→ **COLLECTED MATERIAL**
Content starts
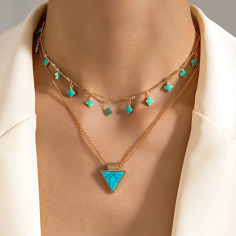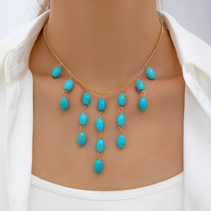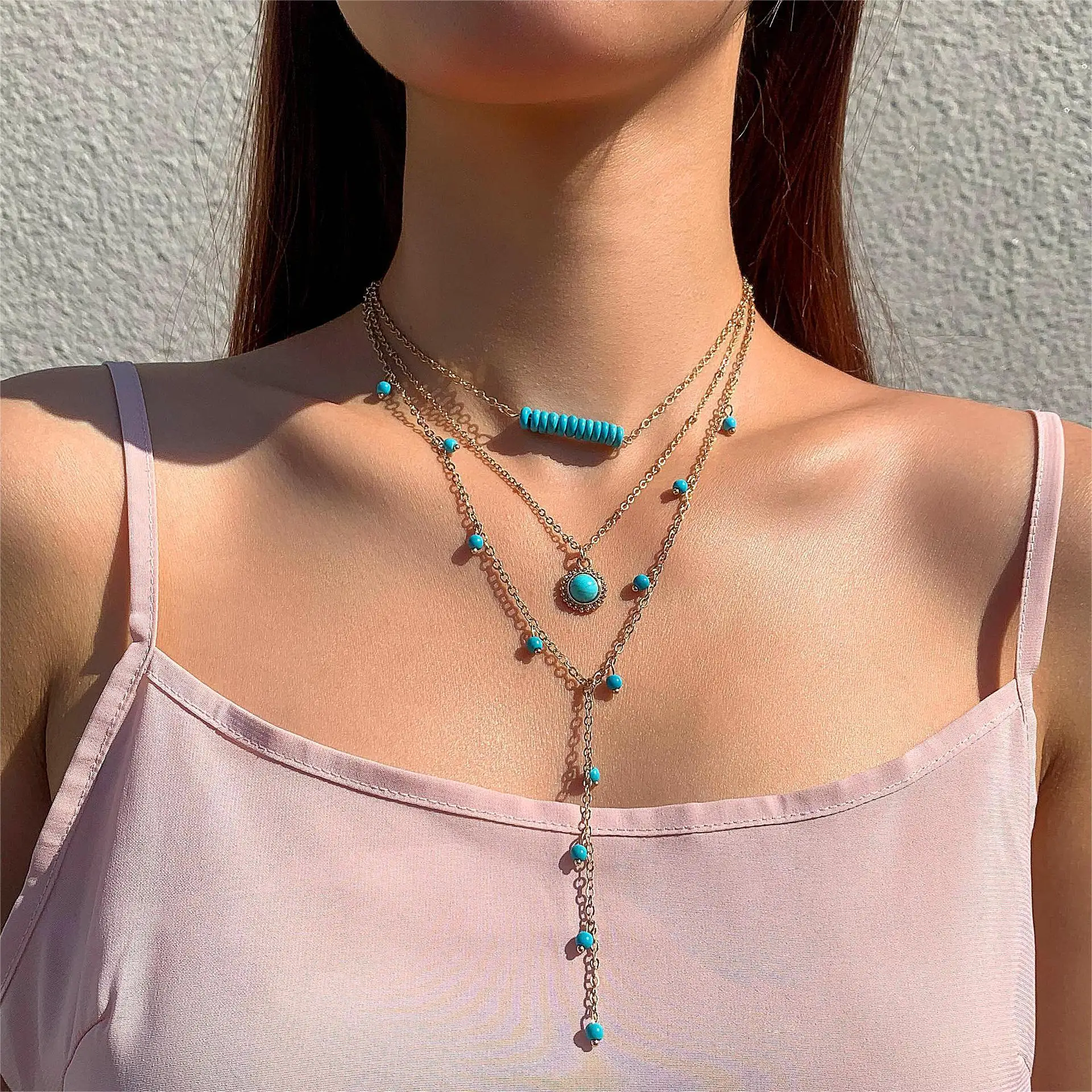 Product Name: Personalized Geometric Pendant Necklace Turquoise Beads Multi Layer Western Style Necklace for Women
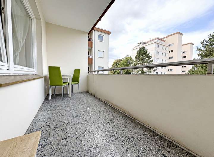 Ein sonniger Balkon gibt Ihnen die Möglichkeit, die Feierabende mit schöner Aussicht im Freien zu genießen.
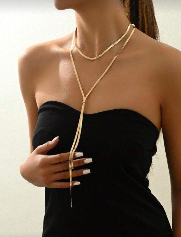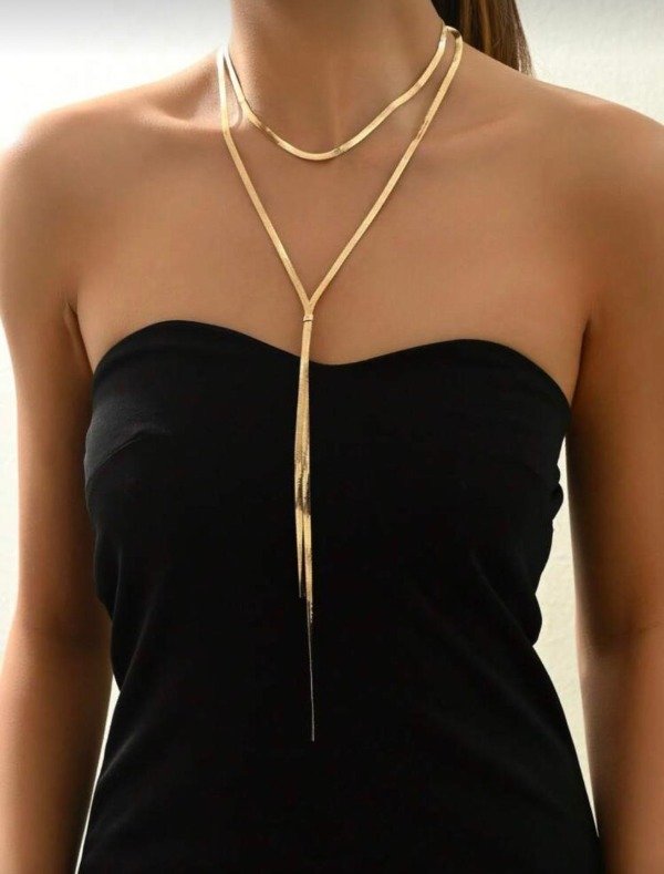 Espectacuñlar collar corbatero doble con fina terminaión. Idela para look escotado o para cuello muy cerrado.
Content ends
→ **TASK ITEM**
All of the material above must be retyped exactly, line for line, with the images dropped.

→ **YOUR SOLUTION**
 Product Name: Personalized Geometric Pendant Necklace Turquoise Beads Multi Layer Western Style Necklace for Women
 Ein sonniger Balkon gibt Ihnen die Möglichkeit, die Feierabende mit schöner Aussicht im Freien zu genießen.
 Espectacuñlar collar corbatero doble con fina terminaión. Idela para look escotado o para cuello muy cerrado.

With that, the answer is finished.